Applies to acetaminophen / phenylephrine: oral capsule, oral packet, oral tablet

Usual Adult Dose for Headache

Acetaminophen 250 mg - phenylephrine 5 mg oral effervescent tablet:
2 tablets fully dissolved in 4 ounces of water every 4 hours.

Acetaminophen 325 mg - phenylephrine 5 mg oral tablet:
2 tablets orally every 4 hours. Do not take more than 12 tablets in 24 hours.

Acetaminophen 500 mg - phenylephrine 15 mg oral tablet:
2 tablets orally every 6 hours. Do not take more than 8 tablets in 24 hours.

Acetaminophen 500 mg - phenylephrine 5 mg oral tablet:
2 tablets orally every 4 to 6 hours. Do not take more than 8 tablets in 24 hours.

Acetaminophen 650 mg - phenylephrine 10 mg oral powder:
Dissolve 1 packet in 8 ounces of hot water and drink in 10 to 15 minutes. May repeat every 4 hours. Not to exceed 6 packets daily.

Acetaminophen / phenylephrine Pregnancy Warnings

Acetaminophen has not been formally assigned to a pregnancy category by the FDA. It is routinely used for short-term pain relief and fever in all stages of pregnancy. Acetaminophen is believed to be safe in pregnancy when used intermittently for short durations. Phenylephrine has been assigned to pregnancy category C by the FDA. Animal studies have not been reported. There are no controlled data in human pregnancy. Acetaminophen-phenylephrine is only recommended for use during pregnancy when benefit outweighs risk.
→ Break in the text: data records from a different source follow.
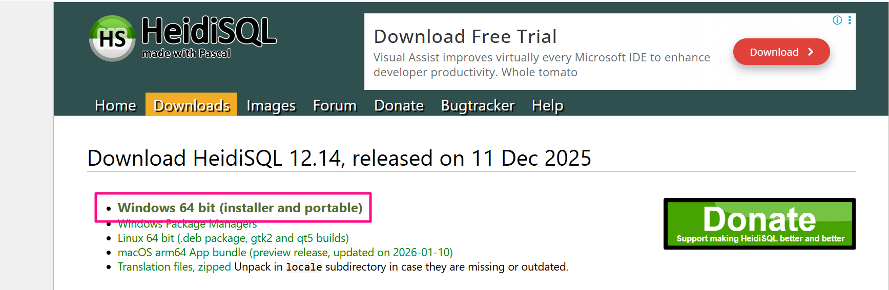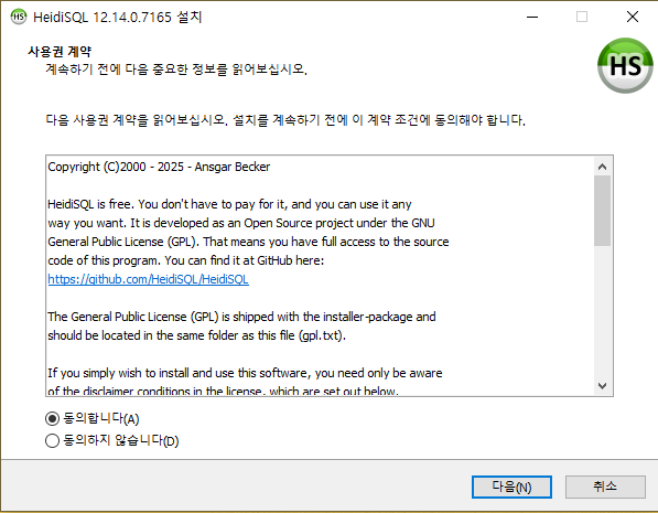 2026-01-12 기준, HeidiSQL 12.14 버전 설치
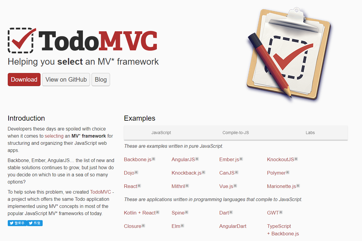 여러가지 프레임워크 차이점을 확인 하면서 공부하는 사이트이다.
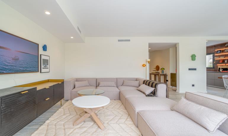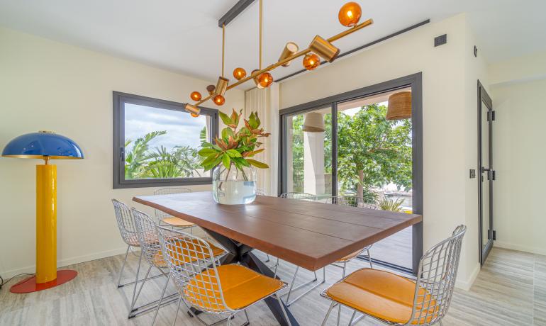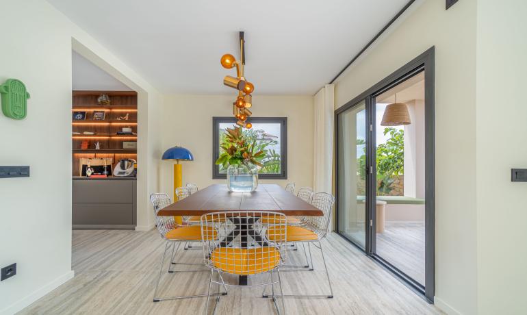 Depuis le salon, on accède directement à la terrasse, au jardin extérieur et à la piscine.
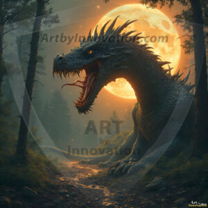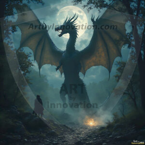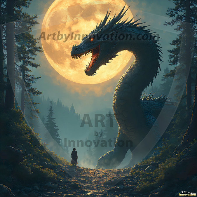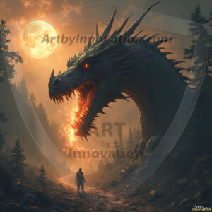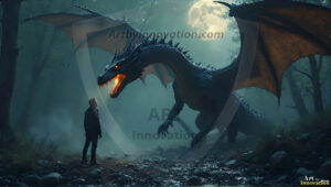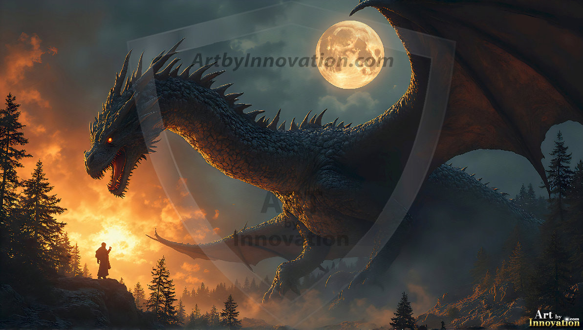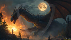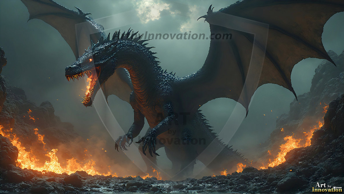 AI-generated powerful majestic dragon art — fire-breathing giants, Bahamut the Dragon God, and epic fantasy dragon scenes.
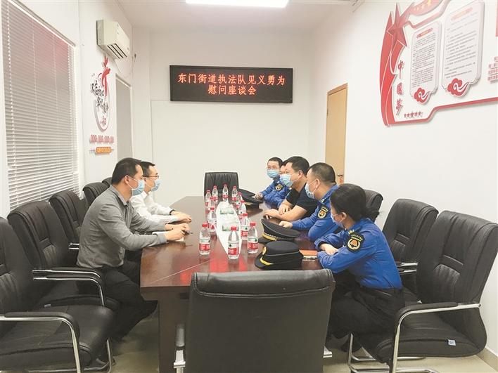 4月17日上午,罗湖区东门街道执法队见义勇为慰问座谈会举行。

Two cases of acetaminophen overdose in late pregnancy have been reported. In both cases neither the neonate nor the mother suffered hepatic toxicity. Investigations have revealed conflicting results with regards to the pharmacokinetic disposition of acetaminophen in pregnant women. One study has suggested that the oral clearance of acetaminophen is 58% higher and the elimination half-life is 28% longer in pregnant women compared to nonpregnant women. Another study has suggested that the elimination half-life is not different in patients who are pregnant. That study also suggested that the volume of distribution of acetaminophen may be higher in pregnant women. One study has suggested that acetaminophen in typical oral doses may result in a reduced production of prostacyclin in pregnant women. That study also suggested that acetaminophen does not affect thromboxane production.